И нет ощущения победы. Нет его. Противно вспомнить. Словно заноза после этого разговора осталась... как будто сагон в чем-то прав. Все же. А что, если ты просто в розовых очках? Ты неадекватно воспринимаешь жизнь? Да, сагон всегда неправ, но... Но почему такое острое чувство поражения? Тоски?



– А дети твои теперь дома?

– Да, ведь интернат закрылся. Да и вообще, – Нела вздохнула, – наверное, это все-таки неправильно. И ты знаешь, даже не потому, что им нужна мать, и все такое...

Ильгет, звеня ложкой, выскребла остатки мороженого из вазочки. Нела задумчиво продолжала.

– Нет, не поэтому. Я ведь и теперь работаю, они с бабушкой, только по вечерам видимся. Но видишь, жизнь в интернате – это жизнь в казенном доме. Как в тюрьме. Нам бы понравилось, если бы каждый наш шаг регламентировали, все по режиму...

– Но ведь и дома, наверное...

– Да, конечно, и дома режим. Но дома он исходит от родных людей, и... потом, дома он все равно мягче. Ну ты же сама понимаешь, есть разница, дома ты или где-то в казенном месте. Дома они ощущают свободу.

Она отодвинула чашечку с разводами выпитого кофе. Накинула кофту, сегодня все-таки прохладно. Ильгет даже легкую куртку взяла. Подруги вышли из летнего кафе.
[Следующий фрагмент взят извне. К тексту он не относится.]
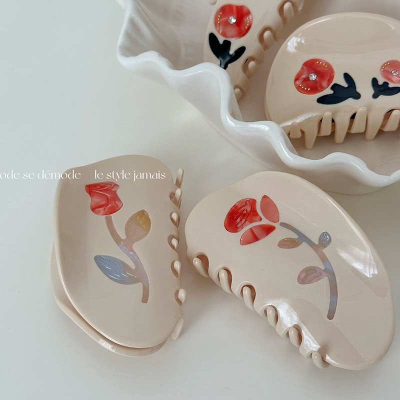 シンプルな組み合わせの酢酸の花の色の1字は女性の中号のサメを挟んで気質の髪を挟みます。
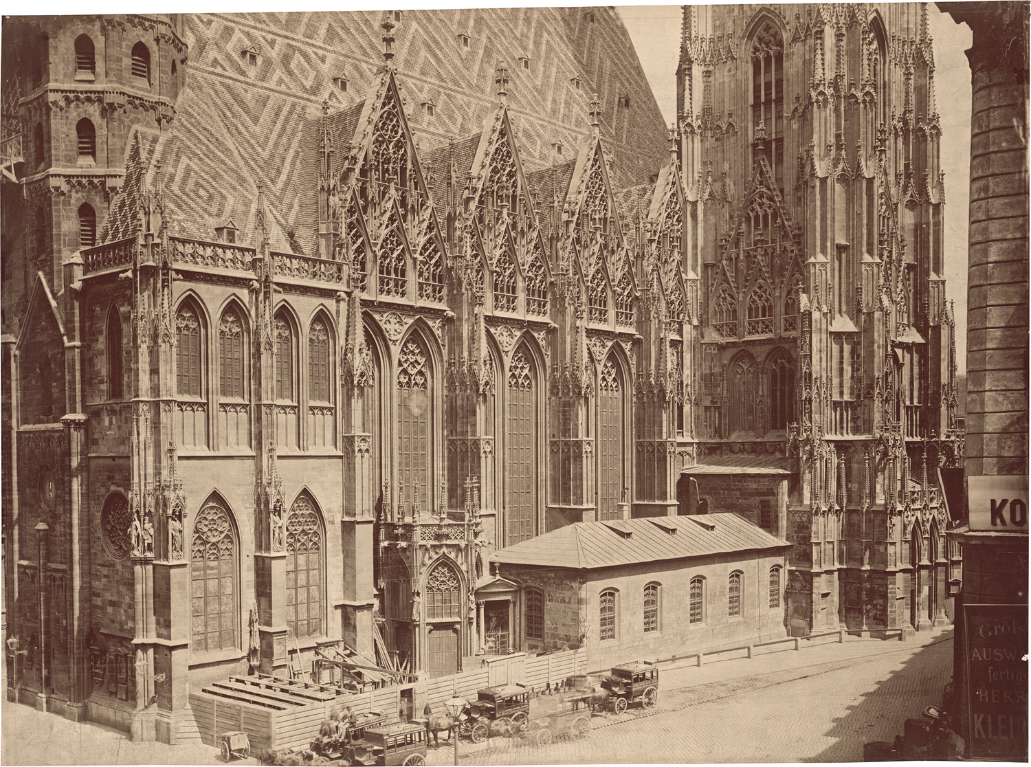 Photographer unknown. Stephansdom, Vienna seen from the West. Mid-1870s. Mammoth albumen print. 56 x 77 cm (mount 68 x 88 cm). Mounted to board (soiled, some traces of use).
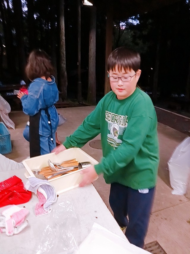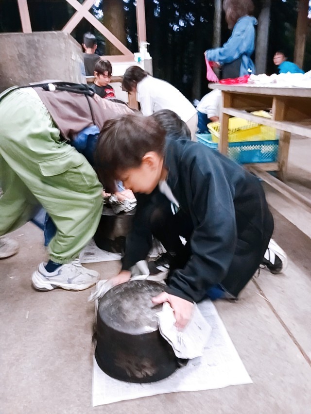 17時過ぎより片付けが始まりました。真っ黒になった鍋のすすを落とし、洗っています。かまどの灰の片付けも行いました。他のグループも手伝い、進んで取り組む様子が見られました。

– Куда пойти, куда податься... – неопределенно сказала Нела.

– Может, в школу сходим? Навестим, – предложила Ильгет. Они зашагали к выходу из парка.

– Тебе завтра когда уезжать? – отпуск у Нелы заканчивался. Ильгет планировала пробыть в Иннельсе еще несколько дней.

– В четыре.

– Я приду тебя проводить.

Нела грустно кивнула.

– Вот и все... улетишь, и... долго не увидимся.

– Подумай, – сказала Ильгет осторожно, – в принципе, на Квирин дорога открыта всем. Теперь ходят регулярные рейсы, с деньгами на билет... ну мы поможем.

Нела покачала головой.

– Нет, Иль. Хорошо там, где нас нет... А я не смогу жить без Лонгина.

Ильгет виновато замолчала. Она могла жить без Лонгина. Нет, не то, чтобы она не скучала по этим вот серым, покрытым корявым асфальтом, пропыленным улицам, по старинным храмам с темной-красной облицовкой... но жить без этого она могла. Впрочем, ее никто не спрашивал, хочет ли она эмигрировать – так уж получилось. Само. А теперь и обратно – никак.

– Мы ведь неплохо живем, – добавила Нела, – думаю, лет через двадцать у нас все будет как на высокоразвитых планетах, не хуже, чем на Квирине даже.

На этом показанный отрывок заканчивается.